HK tycoon warns of Asian
credit crunch

One of Hong Kong's wealthiest businessmen has warned that Europe's push to recapitalize its banks to contain further shocks to the system could lead to a funding crunch in Asia.

Billionaire entrepreneur William Fung said few in Asia are paying attention to this danger.

European banks need more than US$100 billion of fresh capital to meet tougher regulatory capital rules laid down by the European Union. They could raise funds through share sales but the weak market is a deterrent, which means it is more likely that they will pull back loans.

"As a lot of these banks are government-controlled, the natural tendency would be to cut back on lending in Asia rather than domestic lending. If that happens, a lot of businesses are going to be scrambling for funds," Fung said.

The executive deputy chairman of Hong Kong-listed Li & Fung - the world's biggest supplier of clothes and toys to retailers - was speaking at a talk held by the National University of Singapore (NUS) Business School on 'the future of Asia amid a crisis-laden and flattened world' two days ago.

European banks, more than American banks, are heavily involved in financing businesses in Asia. If they pull back loans, Asia would face a credit crunch.

"Not many are focusing on this. In terms of credit availability in Asia, businesses could potentially face a real problem," Fung said.

He and his elder brother Victor control Li & Fung, which raked in sales of US$16 billion in 2010. Singapore's investment firm, Temasek Holdings, had a 3 per cent stake in the global trading giant as of March last year, according to Bloomberg data.

Fung is a member of the NUS Business School's management advisory board and sits on the board of Singapore Airlines.

As for the world's largest economy, the United States, from which Li & Fung derives 60 per cent of its sales, he said growth would likely be anemic.

Against that backdrop, the firm, which supplies goods to giant retailers like Walmart and Toys 'R' Us, has shifted its focus to grab market share from rivals.

"The pie is not getting bigger, so if you want to grow, you need to take a bigger slice.

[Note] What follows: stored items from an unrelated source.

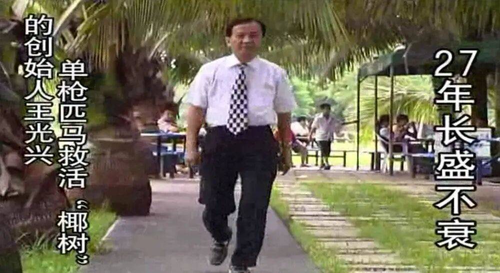 在舆论环境中,王光兴的名头虽不如宗庆后等人响亮,但对于椰树集团内部而言,王光兴却是一个无法磨灭的精神图腾般的存在。
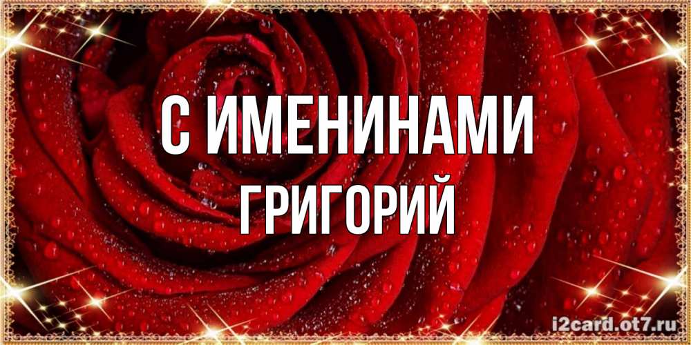 Открытка С именинами Григорий. роза в росе и звездах. роса на розе блестящая в лучах солнца
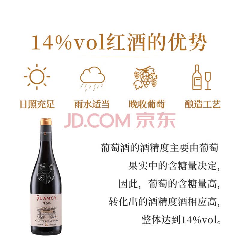 商品相册:圣芝(suamgy)G300罗纳河谷村庄级AOC干红葡萄酒 750ml 单瓶装 法国进口红酒第
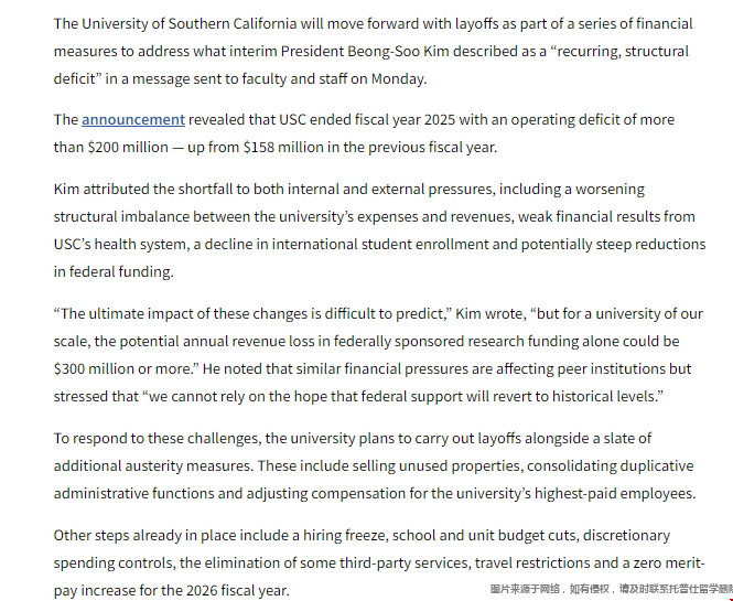 公告显示,南加州大学在2025财年结束时的运营赤字超过2亿美元,高于上一财年的1.58亿美元。
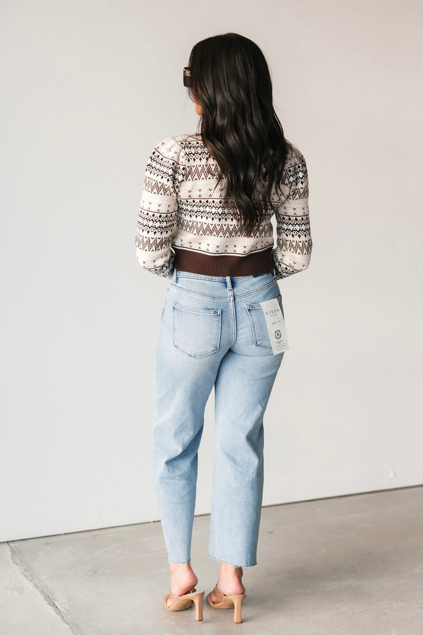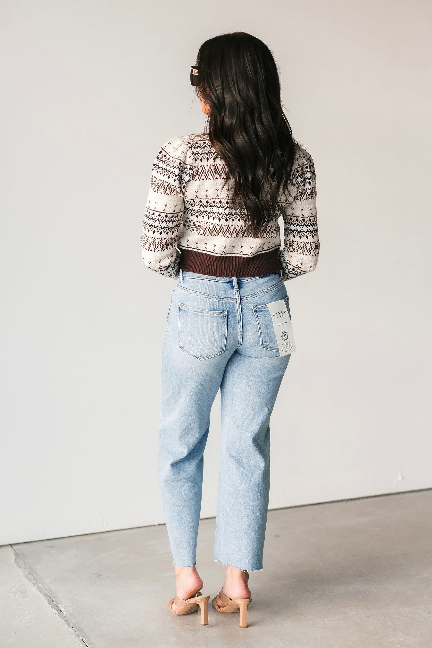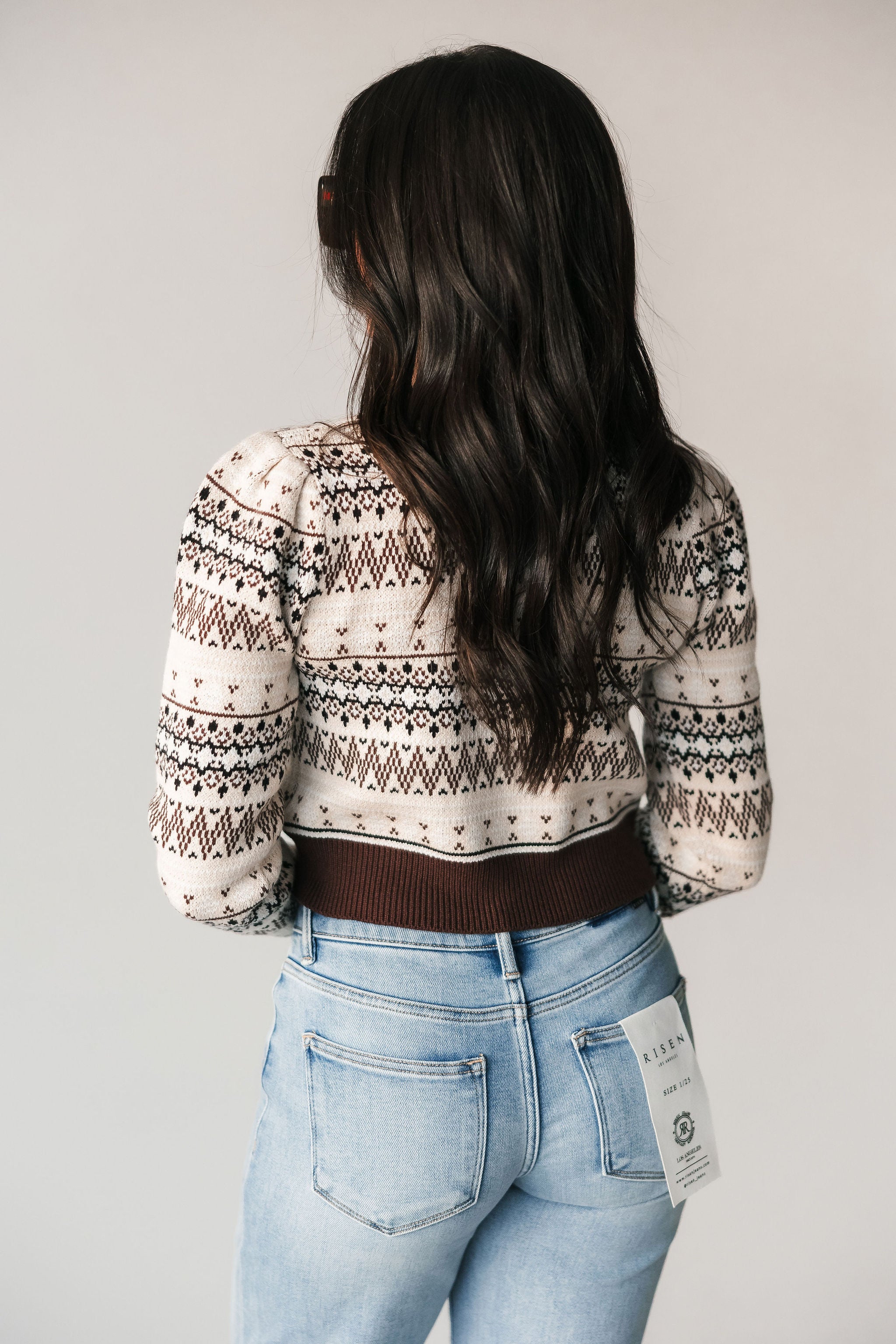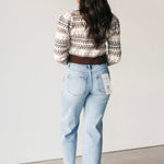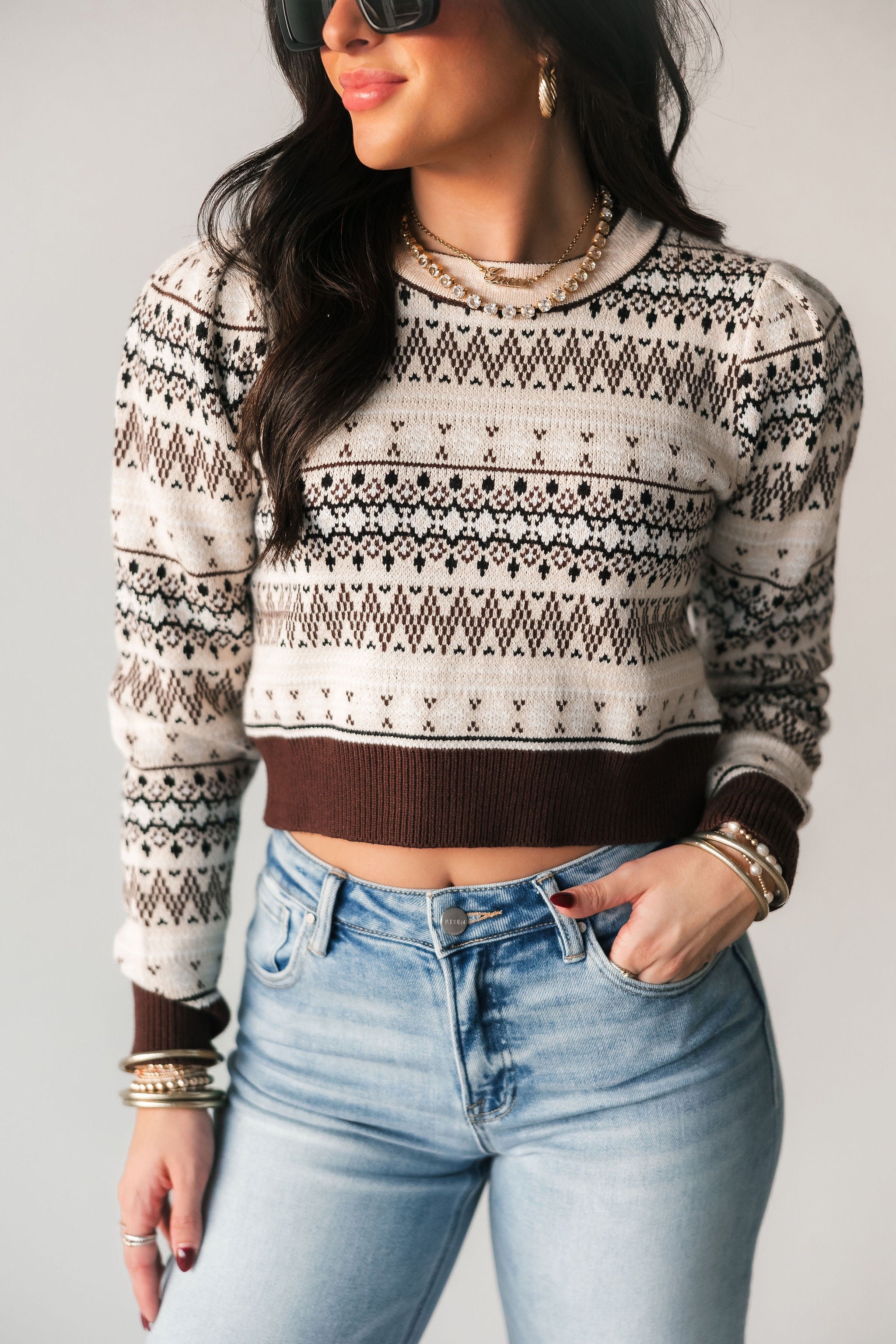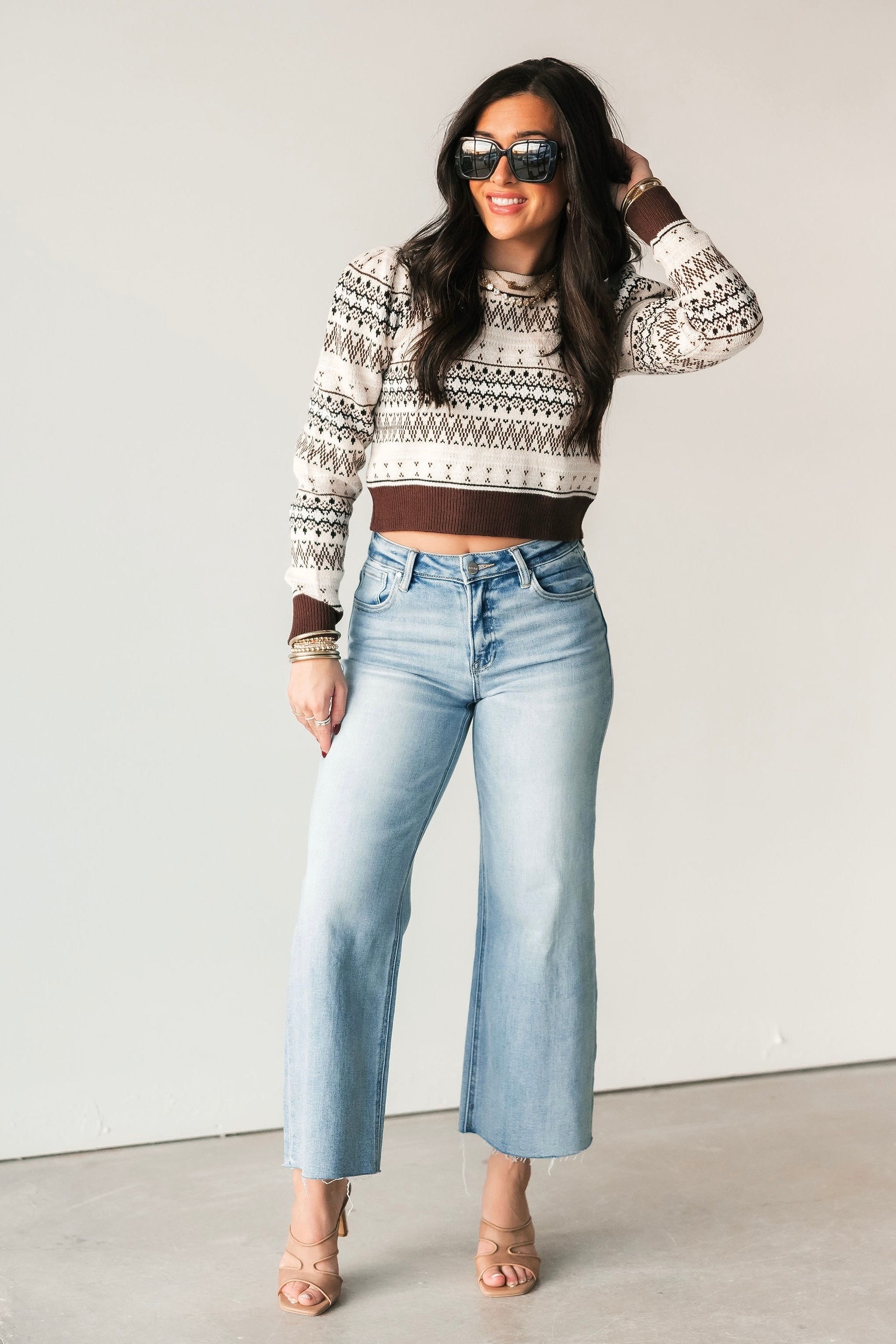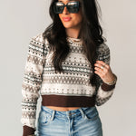 This cropped sweater features long sleeves, a classic crew neckline, and a charming patterned knit that adds texture and warmth. Soft, cozy, and easy to style, it’s the perfect piece for transitioning through the seasons. Sage is wearing a small.

So instead of focusing on consumers and their needs, we are focusing on what our competitors are doing that we ought to," Fung said.

Turning his attention closer to home, he is confident that China's economy will not face a hard landing. The country's economic growth slowed last year to 9.2 per cent from 10.4 per cent in 2010.

"The Western press says China is facing a hard landing as growth this year is going to be 8 per cent," Fung said.

But he pointed out that the country's five-year plan, which runs until 2015, targets an annual growth of 7 per cent.

"As far as I'm concerned, China is a bright spot for us. It can manage itself out of a hard landing," he said.

The group has big plans to tap China's booming consumer market, which he said would overtake the US to become the world's largest consumer economy by 2039.

A few days ago, privately held Fung Brands said it was in talks with the Rykiel family to acquire one of the last family-controlled French fashion houses, Sonia Rykiel.

Fung Brands is a unit of Fung Capital, the investment arm of the Fung family.

"This is part of the whole idea of the future being about the consumer market in China. The market for luxury products in China has doubled in size over the short term," Fung told The Straits Times. He added that the group is looking at some other luxury fashion brands too.